Leaders in the MICE and business travel sector are pushing to de-risk the operations to ensure the fast-tracked return to business during the nationwide lockdown.

This was one of the key takeaways of a discussion in yesterday’s (May 20) webinar where SA Tourism CEO, Sisa Ntshona hosted CEO of the South African Association for the Conference Industry (SAACI), Glenton de Kock, and Chairperson of The Association of African Exhibition Organisers (AAXO), Projeni Pather.

Pather said the exhibitions component of the MICE sector had come to a complete standstill due to COVID-19 as it fell into the category of mass gatherings.

“Subsequently, all exhibition and events organisers are seeking alternative dates in the calendar,” said Pather. “Venues are struggling to accommodate these within the next six months and into 2021.”

According to De Kock, the MICE sector caters for all South Africa’s economic sectors – from medical to mining, tourism and construction – as it provides a collective gathering space at a specific destination where corporates can network, share ideas and develop or enhance their skills.

Therefore, he added, South Africa needed to ensure that, when corporate South Africa went back to operating again, so does the MICE and business events sector.

De Kock noted that this sector had always been heavily regulated and that it shouldn’t just be seen as a ‘mass gathering’.

“Adopting new health measures, regulations or policies such as facial recognition screening won’t be a challenge for this sector. Some of the resources and services to do so already exist.

“Our sector does organised events and, because it’s organised, the tracking and tracing done by the Department of Health can be comfortably done.”

De Kock argued that smaller venues – which will be able to host events for a maximum of 50 people, as per the government’s distancing measures – should be allowed to operate in level three of the risk-adjusted COVID-19 strategy.

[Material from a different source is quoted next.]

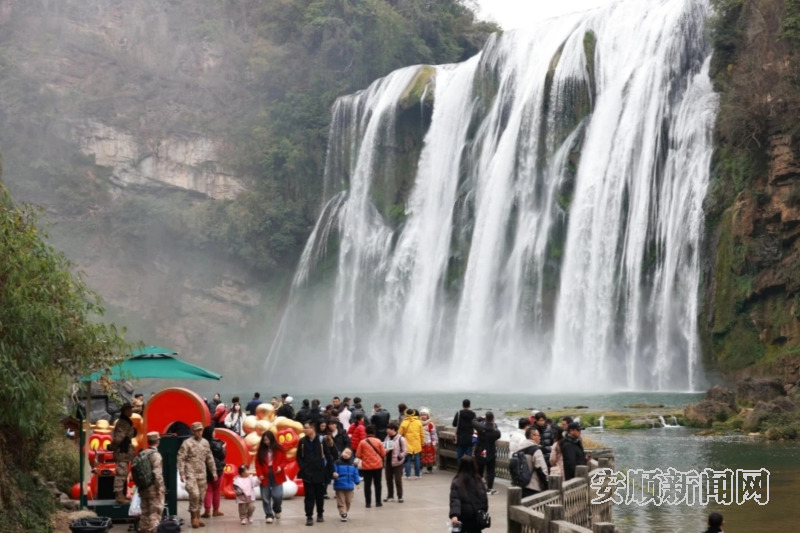 农历大年初二,黄果树旅游区迎来旅游热潮,景区内处处洋溢着欢乐祥和的节日氛围,各地的游客纷至沓来,共同享受着难得的团聚时光。

Pather agreed, highlighting that Germany had successfully convinced its government that the MICE sector only represented mass gatherings. “We have the details of those planning to attend conferences and exhibitions and we’re able to do pre-registrations. This would help regulate the number of people attending the event for a certain period of time,” she said.

“All our events associations have come together and developed an events safety council that is working on a framework that will guide us on how we operate and to show government that we know what we’re doing and acting responsibly in these unprecedented times,” said Pather.